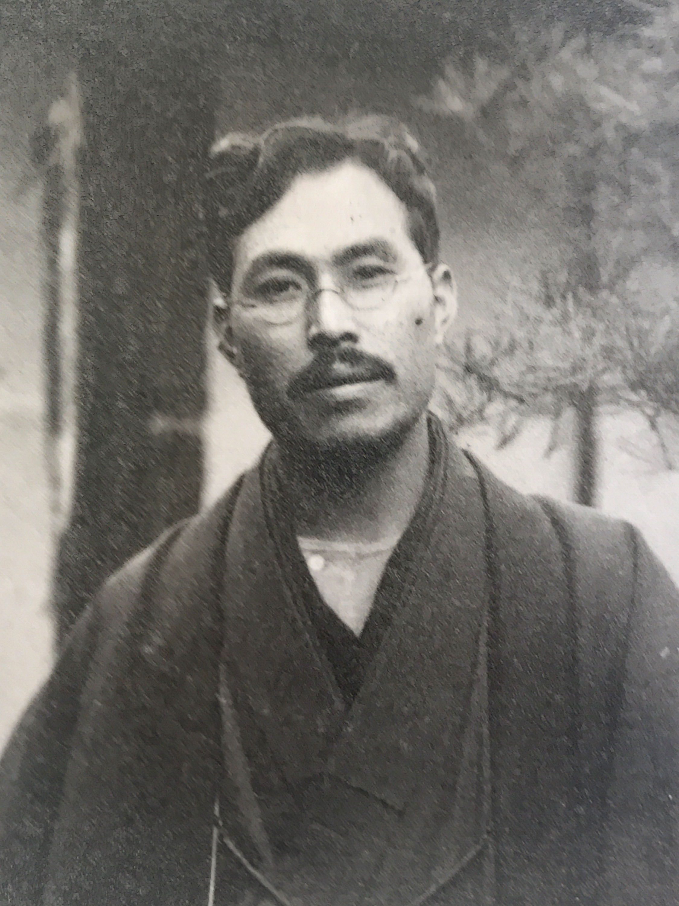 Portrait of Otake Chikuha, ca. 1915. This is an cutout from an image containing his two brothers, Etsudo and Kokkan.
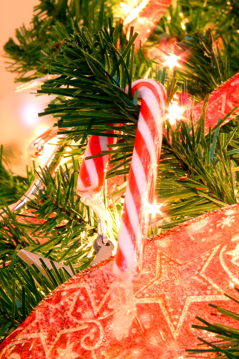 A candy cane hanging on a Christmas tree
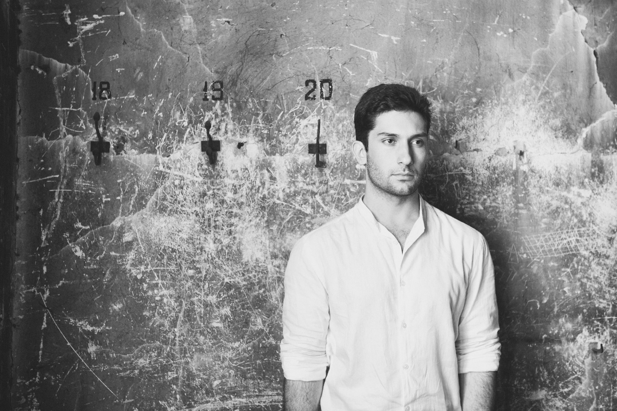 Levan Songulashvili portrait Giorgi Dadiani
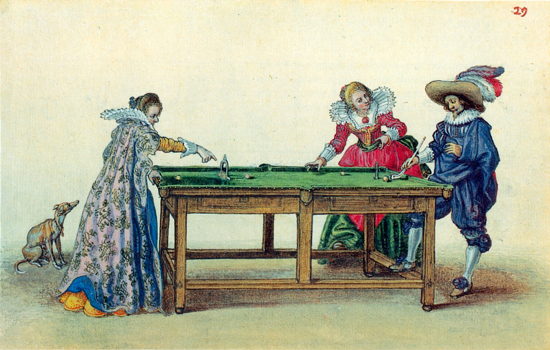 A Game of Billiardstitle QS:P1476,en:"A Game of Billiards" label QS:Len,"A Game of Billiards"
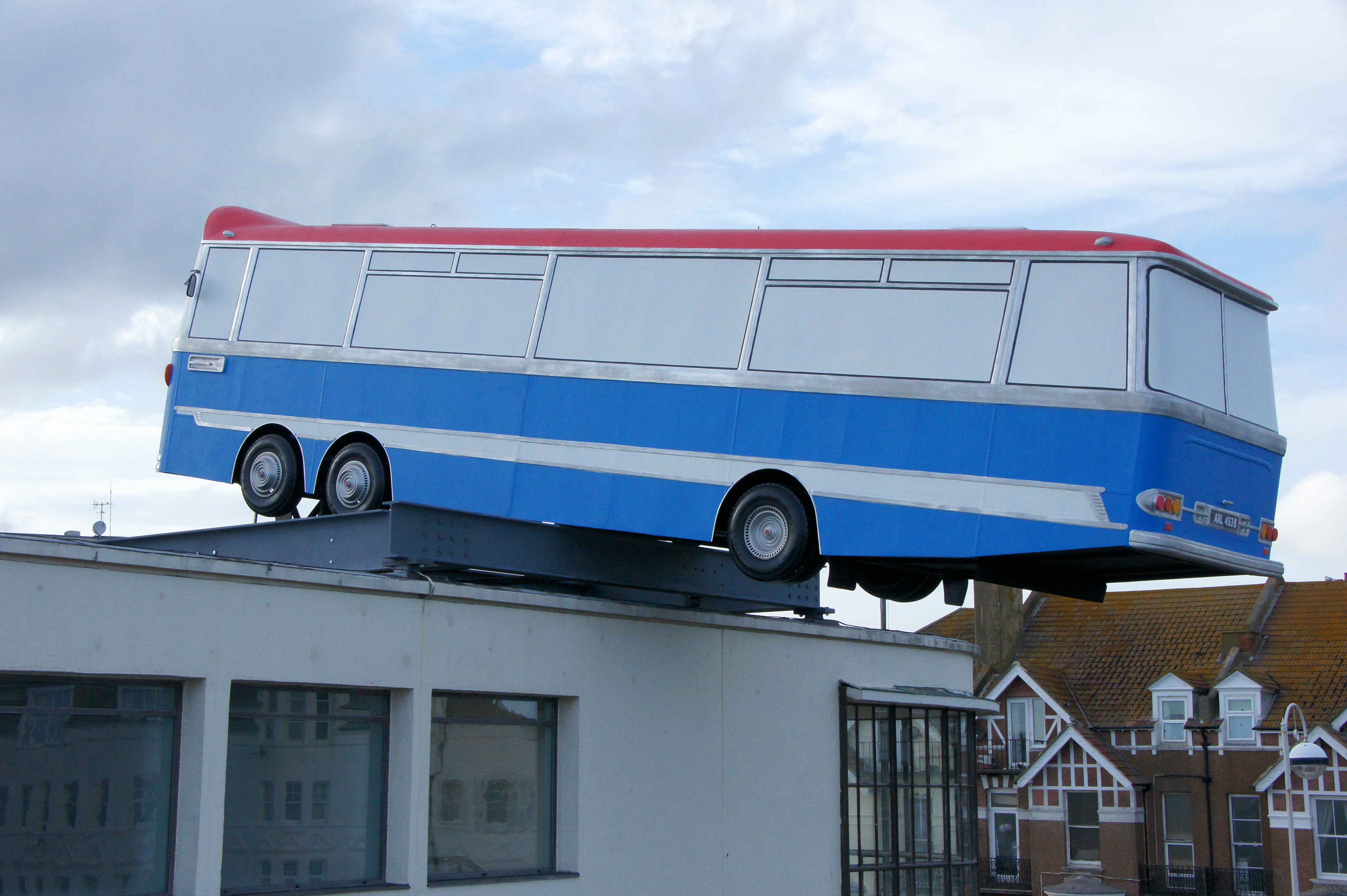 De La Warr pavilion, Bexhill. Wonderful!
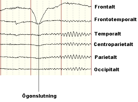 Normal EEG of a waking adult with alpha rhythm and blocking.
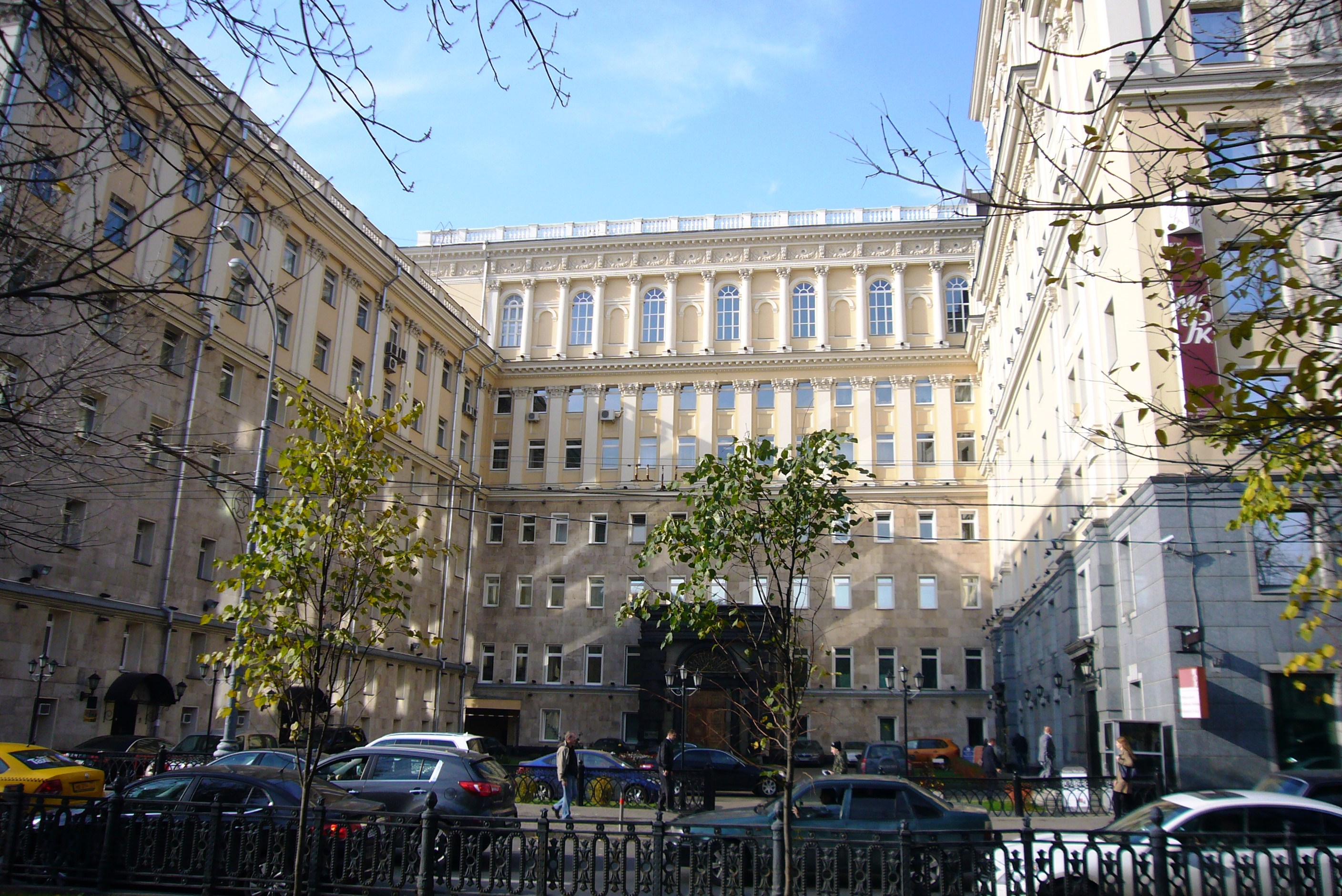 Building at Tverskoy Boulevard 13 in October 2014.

### WHAT YOU SHOULD DO
Only the lines from the line with "A Game of Billiardstitle" through the end of the entries above, copied exactly and with both ends included, belong in the response; the pictures do not.

### RESPONSE TO THE TASK
 A Game of Billiardstitle QS:P1476,en:"A Game of Billiards" label QS:Len,"A Game of Billiards"
 De La Warr pavilion, Bexhill. Wonderful!
 Normal EEG of a waking adult with alpha rhythm and blocking.
 Building at Tverskoy Boulevard 13 in October 2014.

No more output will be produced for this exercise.